Then Canada scored to make it 2-1. With under a minute left, Marie-Philippe Poulin tied the game. In overtime, she scored again and Canada claimed gold.
Today, that finish is remembered as one of the greatest comebacks in Olympic hockey history. But it didn’t happen by accident. Team Canada had anticipated this scenario and prepared for it.
The weeks leading up to the Sochi Olympics were not easy for the national team. “We hadn’t done really well in our league play during the Olympic year,” recalls Third Factor founder Peter Jensen. The team also underwent a disruptive coaching change just prior to the Games. Momentum favoured the Americans, and confidence alone wasn’t going to be enough for Team Canada to clinch gold. They needed more.
So Jensen focused on something tangible: preparing the team for adversity.
That preparation mattered in Sochi. When pressure mounted, the team didn’t fracture emotionally. They had already agreed on how they would behave.
You Perform How You Prepare
A persistent myth about high performance – whether in athletes or business leaders – is that resilience appears when it’s needed most. The reality is simpler: it shows up only to the extent that it has been rehearsed.
Months before the Olympics, Jensen met with the team before a game against a strong AAA boys’ team from Brandon, Manitoba. The discussion wasn’t about winning that night. Instead, it focused on a specific scenario they could face: being down 2-0 in the third period.

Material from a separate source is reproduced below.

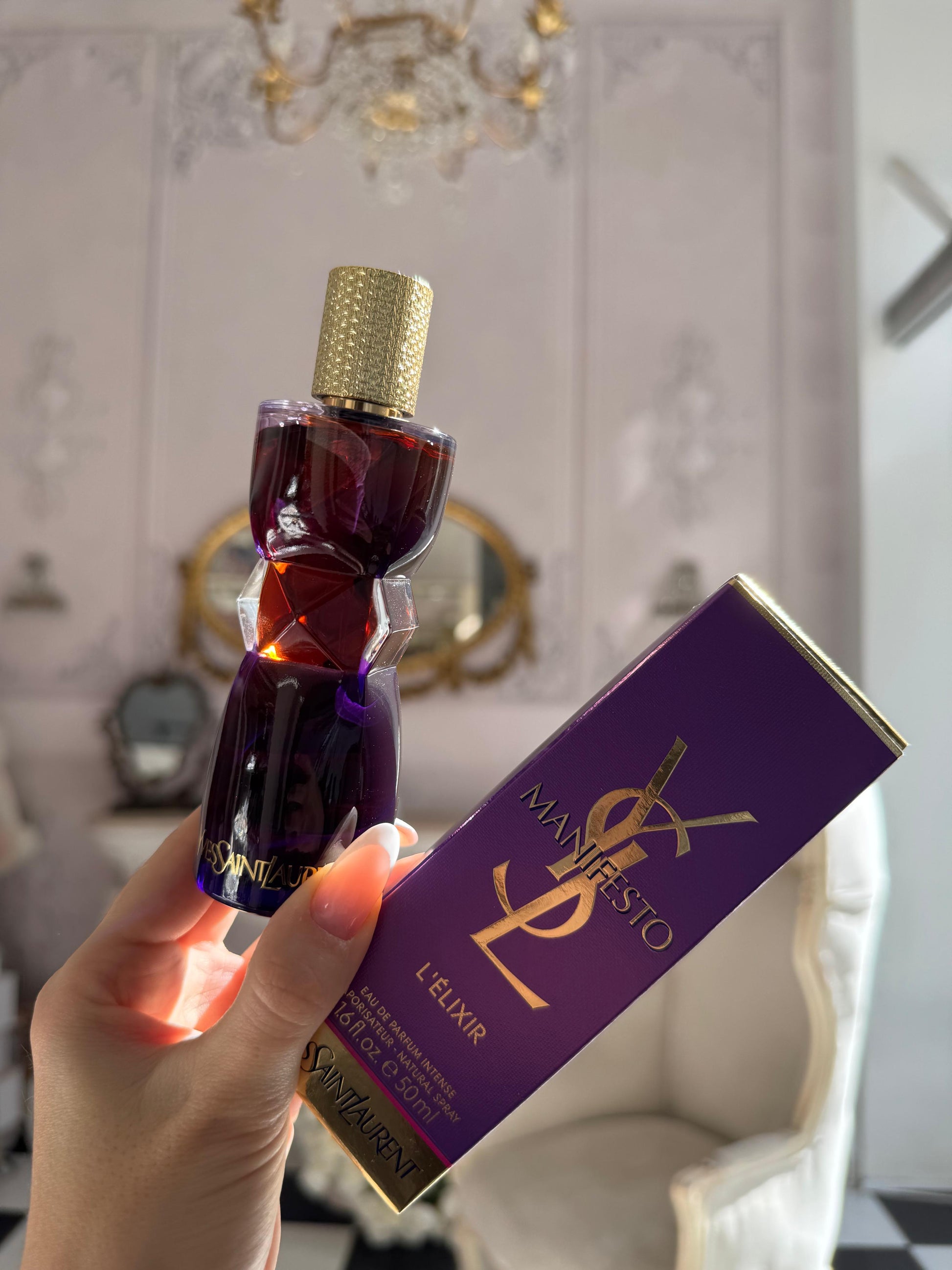 Me Manifesto L’Elixir, guximi rrezaton nga të gjitha aspektet e tij të shumëfishta. I zbukuruar nga një kapak ari i skalitur si xhevahir, silueta e shishes është e mbështjellë me një vello ametisti dhe e mbështjellë me një brez diamanti të çmuar. Manifesto L’Elixir ose shpirti i një parfumi të papërmbajtshëm magjepsës: kombinimi sensual dhe rrezatues i absolutit të tuberozës dhe jaseminit i përforcuar nga nota orientale të vaniljes dhe një kashmirani vibrues.

The players began by talking through how they would manage the clock. “You think about it in 10-minute segments,” Jensen explains. “You break it in half … and break it down into achievable things.”
He then narrowed the window. What if there were only five minutes left? Now it became two-and-a-half-minute sequences. Smaller problems. Clearer focus. The emphasis was not on emotion or outcome, but on behaviours the team could control under pressure.

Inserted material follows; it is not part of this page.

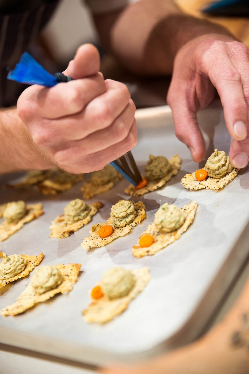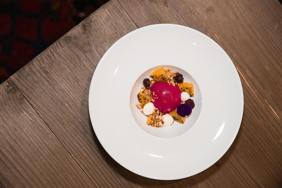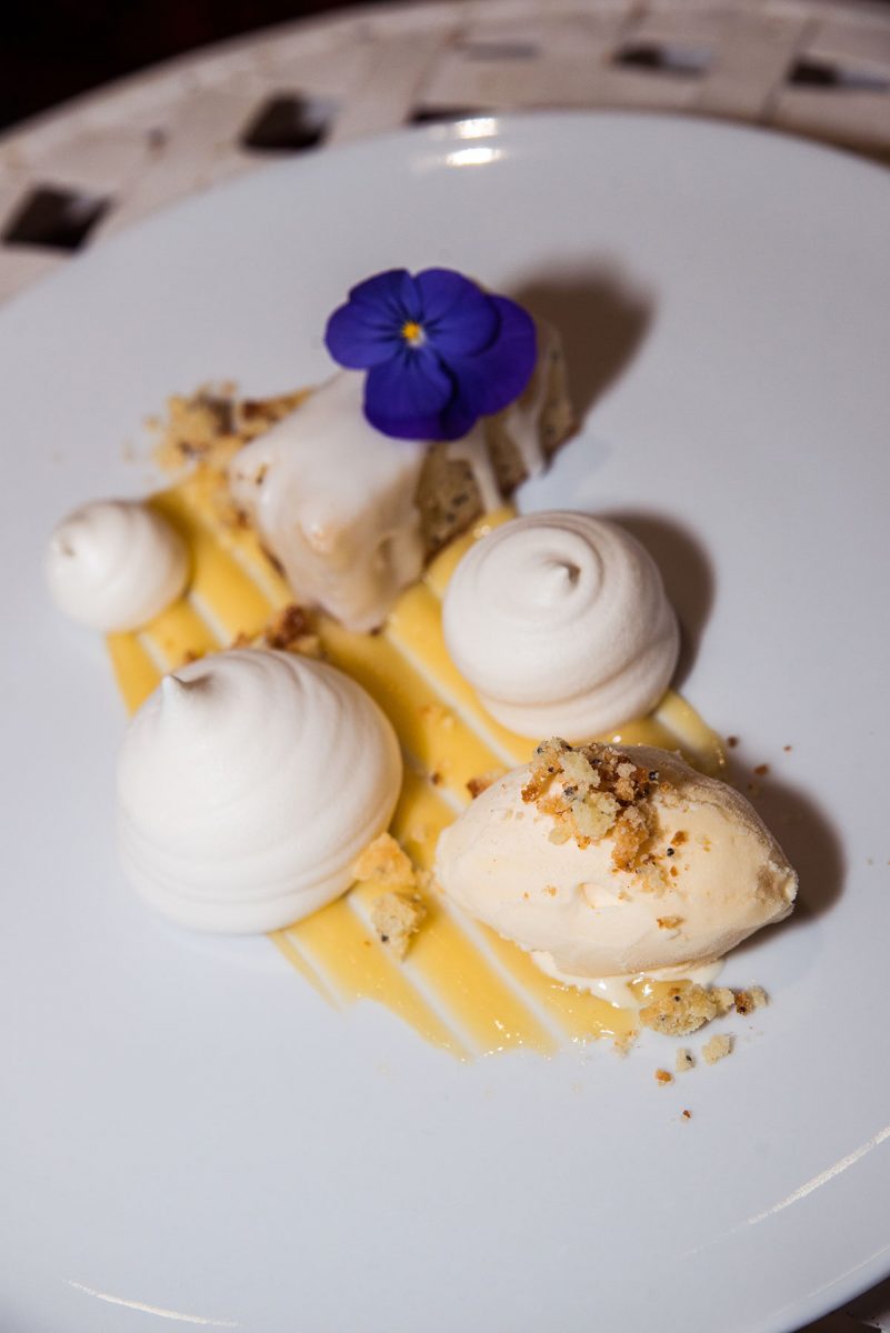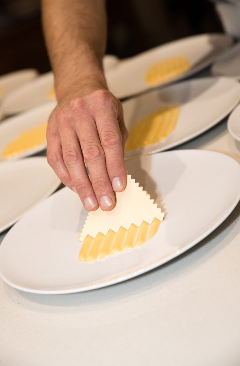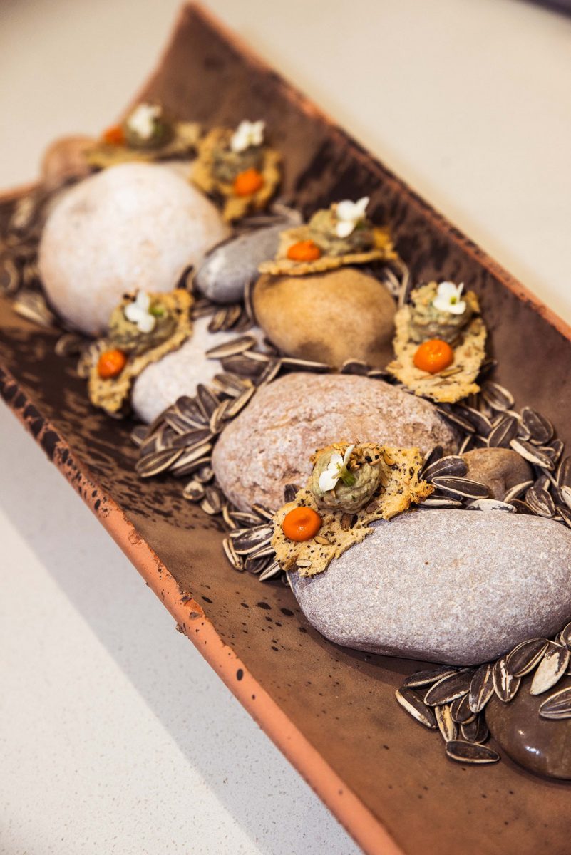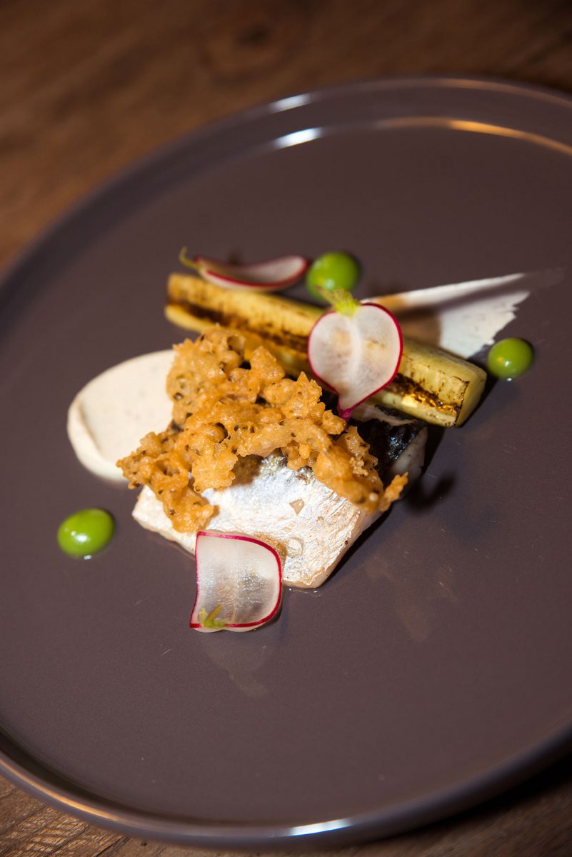 Die gedruckte Speisekarte verrät nur die Hauptzutat von jedem der acht Gerichte, welche Piers vor dem Servieren detailliert erklärt. Der Auftakt sind zwei beeindruckend angerichtete, aufeinanderfolgende Appetithäppchen: Auberginencreme auf einer kleinen Waffel (aus Piers eigenem Brot-Sauerteig) und dann ein Püree aus geräuchertem Lachs auf knuspriger Lachshaut mit Kapernstaub. In Australien studierte Piers Grafikdesign und seine natürlichen, künstlerischen und kreativen Talente spiegeln sich in jedem der köstlichen Gänge wider.

So when Team Canada found itself down two goals with around seven minutes left in the Sochi gold medal game, the players weren’t overwhelmed. The situation felt familiar. They had been there before and knew how to respond.

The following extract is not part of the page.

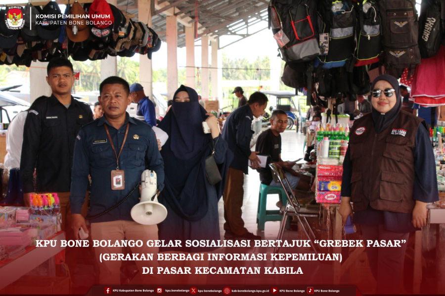 #TemanPemilih, KPU Kabupaten Bone Bolango menggelar sosialisasi bertajuk Grebek Pasar: Gerakan Berbagi Informasi Kepemiluan di Pasar Kecamatan Kabila, Selasa (10/02/2026). Kegiatan ini menjadi bagian dari upaya KPU dalam mendekatkan informasi kepemiluan kepada masyarakat secara langsung.. Sosialisasi dipimpin oleh Ketua KPU Kabupaten Bone Bolango, Sutenty Lamuhu, bersama Anggota KPU Idris Djou, didampingi jajaran Sekretariat KPU. Dalam kegiatan tersebut, KPU menyampaikan berbagai informasi penting terkait Pemutakhiran Data Pemilih Berkelanjutan (PDPB). Masyarakat diberikan pemahaman mengenai pentingnya memastikan diri telah terdaftar sebagai pemilih, memperbarui data jika terjadi perubahan identitas atau domisili, serta melaporkan jika terdapat data pemilih yang tidak lagi memenuhi syarat. KPU Bone Bolango menyasar pasar karena pasar merupakan salah satu tempat strategis untuk menjangkau masyarakat luas. Melalui Grebek Pasar, KPU berharap informasi kepemiluan dapat diterima langsung oleh masyarakat sehingga kesadaran akan pentingnya data pemilih yang akurat semakin meningkat. #KPUMelayani ....

“Stay Positive” Is Not a Strategy
Another subtle but critical shift was Jensen’s refusal to let the team sidestep uncomfortable realities. When asked how they would respond individually late in a close game, players emphasized the importance of staying positive and supporting their teammates.
Jensen pushed back. “The coach shortens the bench. And so you’re irritated,” he told them, adding players who weren’t getting ice time would feel frustrated and lose focus. Pretending otherwise wouldn’t make that problem go away.
So the team discussed what that “irritation” might feel like and how players could still support their teammates on the ice. By talking about those moments in advance, they normalized them. Falling behind stopped being a psychological threat and became a known condition with a known response.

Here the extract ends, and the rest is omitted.